Rhubarb strawberry pie
What do you need:
250-320 grams of dates (seeded and when hard dates, soak in boiling water)
juice of ½ lime (half a lime grater is also very tasty),
80 grams of coconut grater
80 grams (unsalted) cashews (soak in boiling water for 2 hours).
500 grams of rhubarb,
400 grams (frozen) strawberries,
6 grams of agar-agar + 100 ml of water.
This is how you make it:
Take a cake pan (I used a quiche pan) and cover it with baking paper. Also make sure there is space in your fridge!
Put the soaked dates, cashews, coconut zest and juice in the food processor. If all goes well you get a sticky dough ball. Is it too dry? Then add more dates. Too wet? Then you use a little more coconut grating. Play a little with it myself, I don't know which dates you use.

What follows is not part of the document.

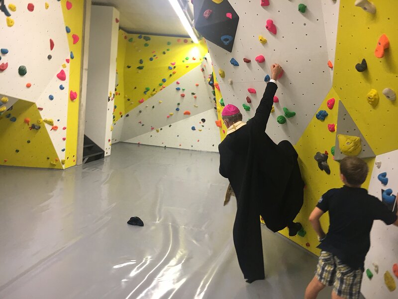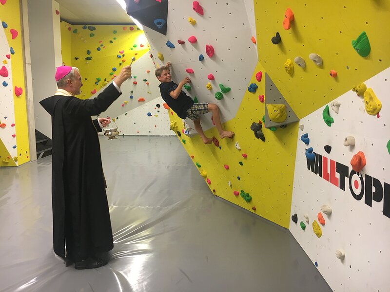 Als "phänomenal" bezeichnete Bischof Gregor Maria Hanke das Kletterzentrum der Sektion Eichstätt des Deutschen Alpenvereins auf dem Blumenberg. Bischof Gregor Maria, der selbst Mitglied beim Alpenverein ist, erteilte den kirchlichen Segen und erhielt als Einziger einen Schlüssel zur Halle, damit er jederzeit zum Klettern die Halle nutzen kann. "Das ist ein Meilenstein in unserer Sektionsgeschichte" sagte der Vorsitzende, Josef Bauer, in seiner Rede. Gerd Seibold, der als "Vater der Anlage bezeichnet werden darf" wurde zum Ehrenmitglied der Sektion Eichstätt ernannt. MdB Dr. Reinhard Brandl gratulierte der Sektion Eichstätt zum neuen Kletterzentrum wünschte den Kletterern viel Erfolg und eine unfallfreie Nutzung der Anlage.

With your dough ball you make the bottom of the cake. Then place it in the refrigerator so that it can cure.
Clean the rhubarb and cut into large pieces. Put them together with the frozen strawberries in a pan with a layer of water. Put it on the fire and after about 15 minutes it is ready. Drain and drain. Do you use fresh strawberries? Then you don't have to cook them.
Put the rhubarb together with the strawberries and 2 tablespoons of Greensweet Icing in the food processor. Get a smooth smoothie.
Take a saucepan and add 6 grams of agar-agar with 100 ml of water. Bring to the boil while stirring. Then add the rhubarb-strawberry mixture. Continue to stir well for 2 minutes.
Take the bottom from the refrigerator and pour the rhubarb-strawberry mixture onto the bottom. Now put in the fridge and let it set. After 2-3 hours your cake is ready to be cut.
Cut the number of points you want from the cake. You can also freeze the cake (in separate points).
The cake can be kept in the fridge for about 3 days.